The unit type `()` is used to indicate that:

* A function does not return a value, or
* A function takes no arguments

The unit type `()` has a single value, also written as `()`, occupying **zero** stack entries.

**Examples**

* `print_int` has the type `int -> ()`, meaning it takes an integer but returns nothing.
* `random` has the type `() -> int`, meaning it takes no arguments but returns an integer.

## Polymorphism with type variables [#polymorphism-with-type-variables]
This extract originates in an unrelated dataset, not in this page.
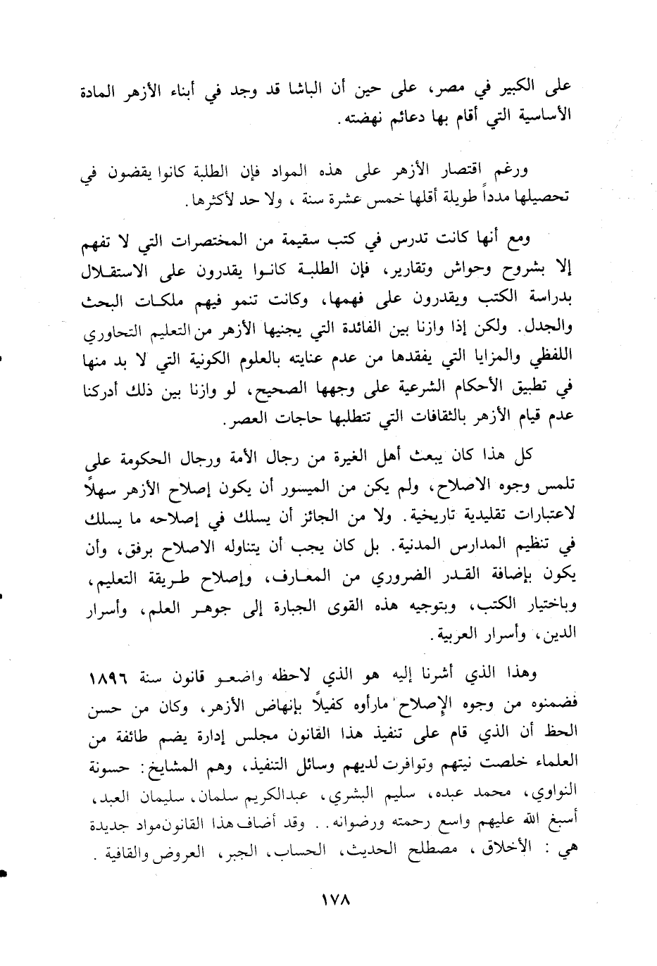 كل هذا كان يبعث أهل الغيرة من رجال الأمة ورجال الحكومة على تلمس وجوه الاصلاح، ولم يكن من الميسور أن يكون إصلاح الأزهر سهلا لاعتبارات تقليدية تاريخية. ولا من الجائز أن يسلك في إصلاحه ما يسلك في تنظيم المدارس المدنية. بل كان يجب أن يتناوله الاصلاح برفق، وأن يكون بإضافة القدر الضروري من المعارف، وإصلاح طريقة التعليم، وباختيار الكتب، وبتوجيه هذه القوى الجبارة إلى جوهر العلم، وأسرار الدين، وأسرار العربية.

FunC supports [polymorphic functions](https://en.wikipedia.org/wiki/Parametric_polymorphism).

Example:

```func
forall X -> (X, X) duplicate(X value) {
  return (value, value);
}
```

Here, `X` is a type variable that allows the function to operate on values of any type. Type variables are declared between `forall` and `->`.

The function receives a value of type `X`, and duplicates this value to return a value of type `(X, X)`.

For example,

* Calling `duplicate(6)` produces `(6, 6)`.
* Calling `duplicate([])` produces two copies of an empty tuple: `([], [])`.

<Callout>
  Type variables in polymorphic functions cannot be instantiated with tensor types. The only exception is a tensor of a single element `(a)`, where `a` is not a tensor type itself. The compiler treats `(a)` as equivalent to `a`.
</Callout>

For more details, see the [`forall` declarator](/llms/languages/func/functions/content.md) section.

## User-defined types [#user-defined-types]

FunC does not support defining custom types beyond the type constructions described above.

## Type width [#type-width]

Every value in FunC occupies a certain number of stack entries. If this number is consistent for all values of a given type, it is called the **type width**.

For example, all [atomic types](#atomic-types) have a type width of 1, because all their values occupy a single stack entry. The tensor type `(int, int)` has type width 2, because all its values occupy 2 stack entries.